Finance Magazine
Alan is in the process of tidying up around the raised beds on the vegetable patch and emptying some of the beds ready for putting them to bed for the Winter. The four beds highest on the hill just a few potatoes left to harvest so he started off by digging them up, then after a good weeding the beds were covered in black plastic which he stapled round the edges to try and stop the wind lifting it.
These beds are going to be the asparagus and rhubarb beds for next year, two of each, so we want as much goodness as possible kept in the soil and not washed down the hillside with the huge amount of rain we get here every Winter.
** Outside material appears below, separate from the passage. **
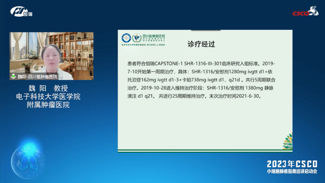 本环节,电子科技大学医学院附属肿瘤医院魏阳教授分享一位ES-SCLC患者诊疗过程。该患者经病理确诊为右肺下叶小细胞肺癌合并多发转移(cT4N3M1c,IVB期),一线治疗入组CAPSTONE-1临床研究,应用阿得贝利单抗联合依托泊苷和卡铂治疗5周期,2周期后,患者经影像学疗效评估即为部分缓解(PR),起效迅速且缓解持久。后行阿得贝利单抗维持治疗25周期。截至2023年5月,期间多次疗效评估均为持续PR,患者一线治疗PFS高达46个月且安全性良好。总体来看,本例患者一线治疗应用阿得贝利单抗联合化疗取得了满意疗效,生存获益显著且生活质量得到明显改善,充分确证阿得贝利单抗的疗效出色、安全耐受易于管理。
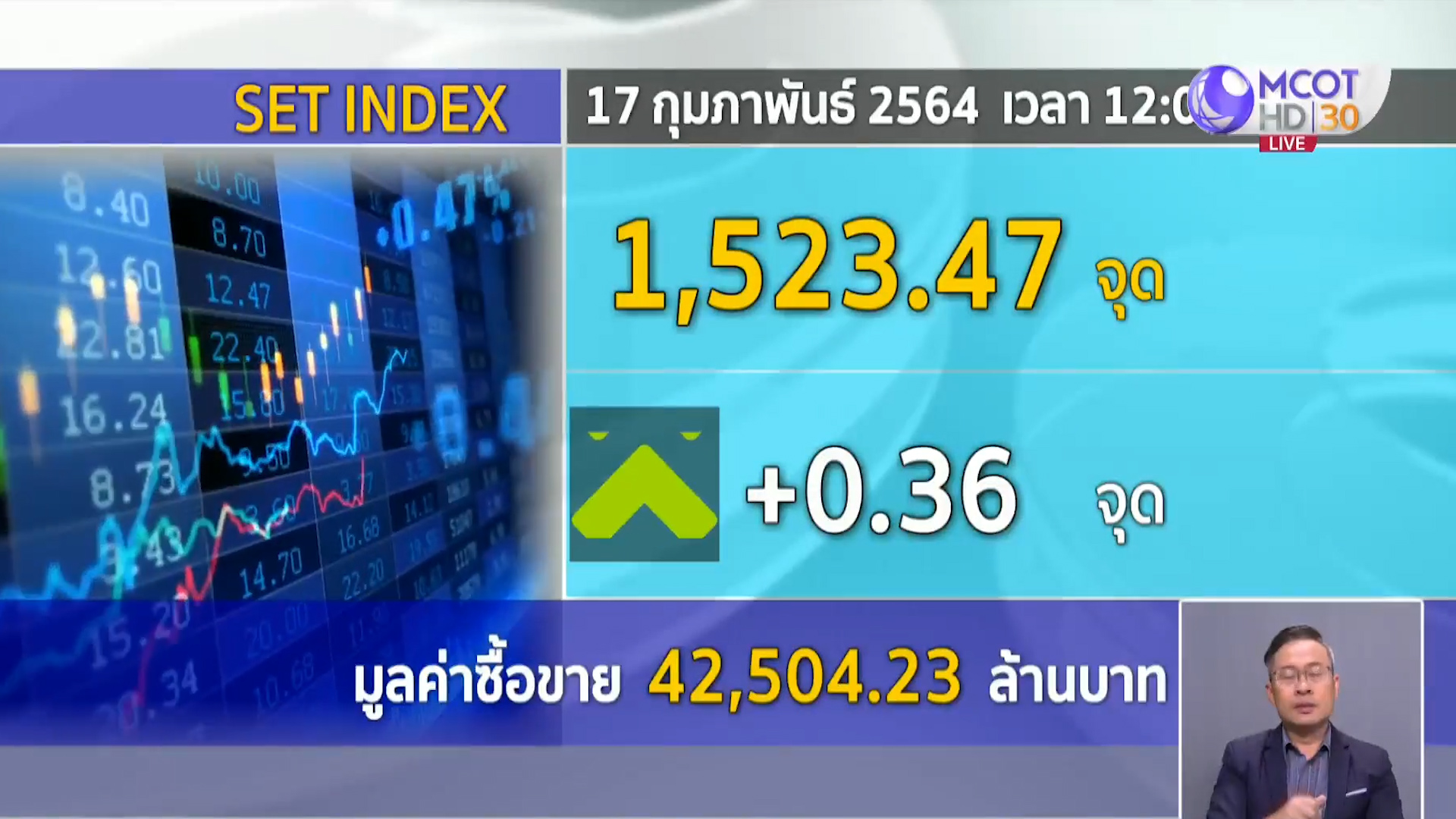 วันนี้ ดัชนีหุ้นไทยเคลื่อนไหวอยู่ที่ 1,523.47 จุด เพิ่มขึ้น 0.36 จุด มูลค่าการซื้อขาย 42,504.23 ล้านบาท ขณะที่หุ้น OR ร่วงลง แม้ว่าวันนี้ หุ้น OR จะได้รับการรวมในการคำนวณดัชนี SET50 และ SET100 และจะได้รับการรวมในการคำนวณดัชนี MSCI ในวันที่ 26 ก.พ. แต่ไม่สามารถนำเข้าคำนวณดัชนี FTSE แบบ Fast Entry ได้ เนื่องจากมูลค่าตามราคาตลาดของ OR ไม่ผ่านเกณฑ์ แต่ FTSE จะพิจารณาคุณสมบัติของ ORในการทบทวนรายไตรมาสครั้งต่อไป

That is also the reason for keeping the little compost bin in place for now so it can carry on feeding the soil. The rhubarb will be transplanted through slits in the plastic in a couple of weeks when it goes dormant. That way, hopefully, next year we will have a lot less weeding to do :-)
I brought the potatoes he dug up into the house, after he had very kindly washed them for me, and added a couple of handfuls of my huge spring onions from the polytunnel to them.
They were sautéed in olive oil along with some garlic, a sprinkle of chilli flakes and a couple of sticks of celery, before I added lots of vegetable stock. Then it was all brought to the boil and left to simmer long and slow in the bottom oven of the Aga while we went out for a few hours.
Once home it was whizzed up with my stick blender and portioned out. A jug full that we had for lunch today. The glass bowl of soup that has been left chunky and has added peas, is for Alan's lunch tomorrow while I am in Manchester for the day, and the two two portion tubs are now safely stashed in the freezer for future use.
I have to dash now as it's time to deal with a vast amount of beans he has just harvested. It's hard work this putting the hillside to bed lark .... I'll be ready for mine before he's finished at this rate.